Oh, and when I marker train them, the treats don't always come out of my treat bag (which is on my back), they sometimes come from my pocket, or a bag on a counter. I usually don't have them in my hands.


----------



## marinehoney (Feb 5, 2012)

San said:


> Are you doing marker training with them? Are you rewarding or bribing them? Are they ignoring you at a higher distraction level or just simply because you don't have a reward? Have you done engagement work with them?
> 
> In the early stages of marker training, I always reward my dogs for every single command. Over time (way later down the road), the rewards may become more sporadic, and I may do several commands before rewarding them. In the early stages of training, I don't give them commands if I don't have rewards, that's just me. The more a dog ignores a command, the more optional a command becomes.
> 
> ...


 I do clicker training with them. A lot of times I need to bribe them to get them to do the command. Like I said, if they dont see a treat, they wont even acknowledge me. They ignore me in a silent room by themselves if I dont have a treat, it has nothing to do with distractions. And I do not know what engagement training is.


----------



## llombardo (Dec 11, 2011)

I found that if you are training with treats, you have to eventually dwindle that down. So for every 5 commands they might 3 treats, but they don't know when they are getting that treat...so the reward here for them, okay I might get a treat if I do the command. *You can pretend you have a treat in your hand too, or just have the treat in your hand where they see it and simply don't give it to them for another two commands*. This way they really don't know if there getting a reward or not..


----------



## marinehoney (Feb 5, 2012)

llombardo said:


> I found that if you are training with treats, you have to eventually dwindle that down. So for every 5 commands they might 3 treats, but they don't know when they are getting that treat...so the reward here for them, okay I might get a treat if I do the command. *You can pretend you have a treat in your hand too, or just have the treat in your hand where they see it and simply don't give it to them for another two commands*. This way they really don't know if there getting a reward or not..


 
this is a great idea. i will try it. its very unrealistic for me to have treats on me 24/7. any tips on that?


----------



## VChurch (Jun 14, 2010)

I have a few examples of Minna _ignoring_ me and how I fixed those issues.

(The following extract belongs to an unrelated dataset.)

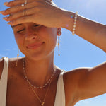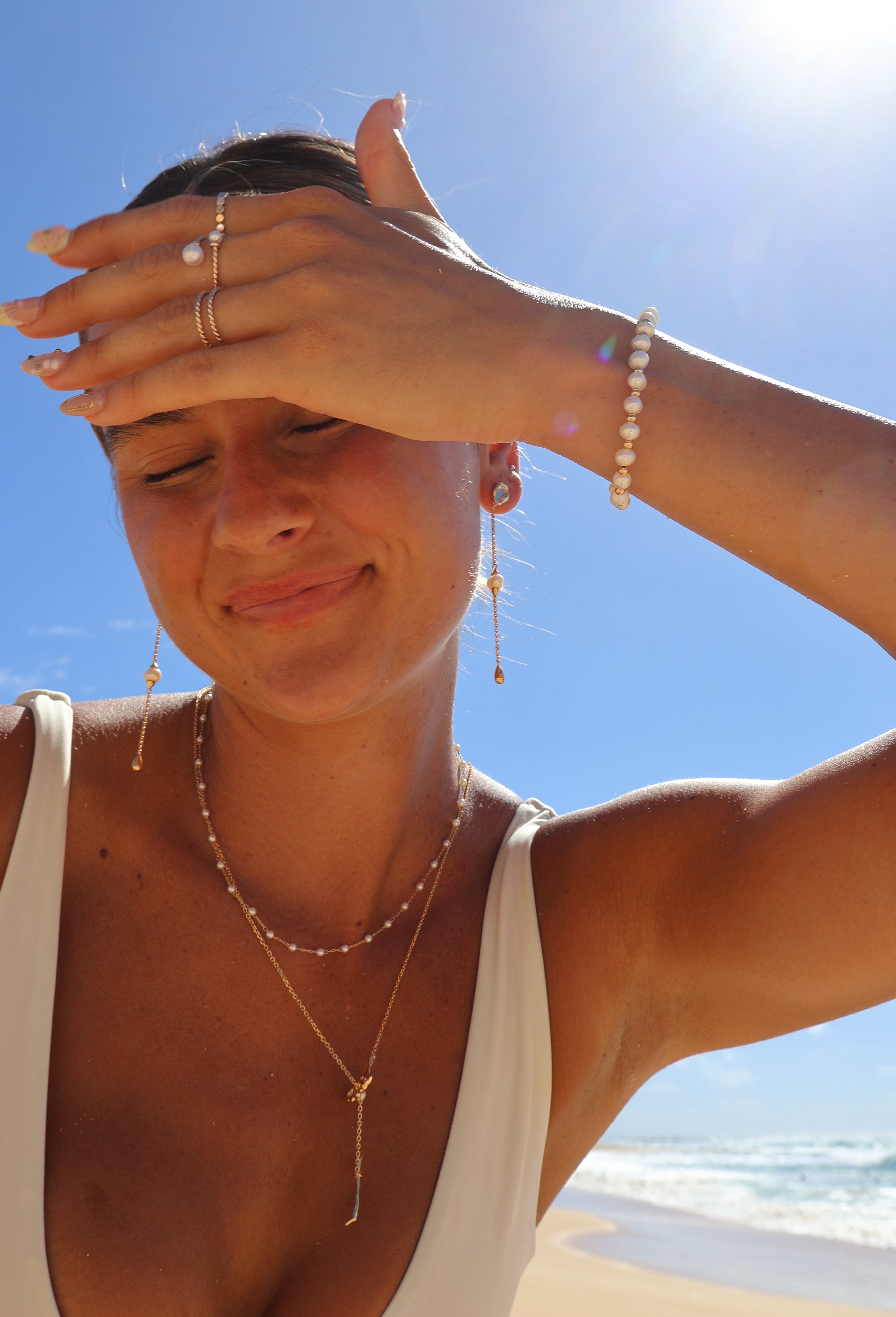 The Seasong Necklace is designed to move with you. This adjustable lariat features a sculpted gold shell detail accented with a freshwater pearl, creating a soft cinch effect that lets you style it higher or lower depending on the moment. Easy, organic, and just statement-enough.

1 - coming inside when called (from the backyard).
Minna always wanted to stay outside and play and run around and be a lunatic. So I put a box of bite-sized treats near the backdoor, but continued to act as though it were a normal day. I called her, she took her sweet time and refused to come inside when I wanted...I waited her out -- I refuse to bribe my two with treats. I waited and eventually she decided to come inside so I gave her a treat like it was no big deal, said 'good dog' and then went about my business. Now the next time she went out, I called and again just waited and she came inside a little faster (it did help that she saw Bacca come inside and get a treat) and she got a treat, a pat on the head and a 'good dog'. As of today, I can open the door, whistle for her (or call) and she comes right away. I phased the treats out once she was reliable with coming when *I *wanted her to. I still usually give her a treat once a day (sometimes once every few days), but otherwise she comes when called and I have no issues with her ignoring or not wanting to come in.

2 - listening to commands when no treats are in-hand
Minna is sometimes bad about it, she wants incentive to do what I have asked. However, I refuse to give her a treat everytime I ask her to do something. I always gave her a command when she was within arm-distance and if she didn't listen I would grab her scruff (not rudely or tightly...just so she couldn't walk away) and tell her again and when she would listen I would do the normal "praise, find a treat" -- so she got the point (I figure her thoughts were something like -- "OH, even if I don't see a treat I might still get one!, okay, cool!"). Now she's at a point where I don't need a treat and I don't need to ask more then one time.

3 - clicker training makes things easy...so maybe go back to the basics, work with one dog at a time and work on their focus on *you. *-- and make it fun, make yourself appear fun. Do training even when it's not a designated "session". Even when I'm outside, if Minna wants me to throw a stick or kick a ball she has to do something first.


I wouldn't eliminate treats -- just get creative and make yourself more fun. Minna and Bacca listen to me because I don't allow them _not_ to listen. I set them up to succeed and I learn what I need to alter about my training or my way of telling them to do something in order to get them to listen.

I would suggest (just as someone else did) that you carry treats on you all the time -- just keep a few in your pocket...then you can randomly give treats when they listen, to reinforce them listening to you.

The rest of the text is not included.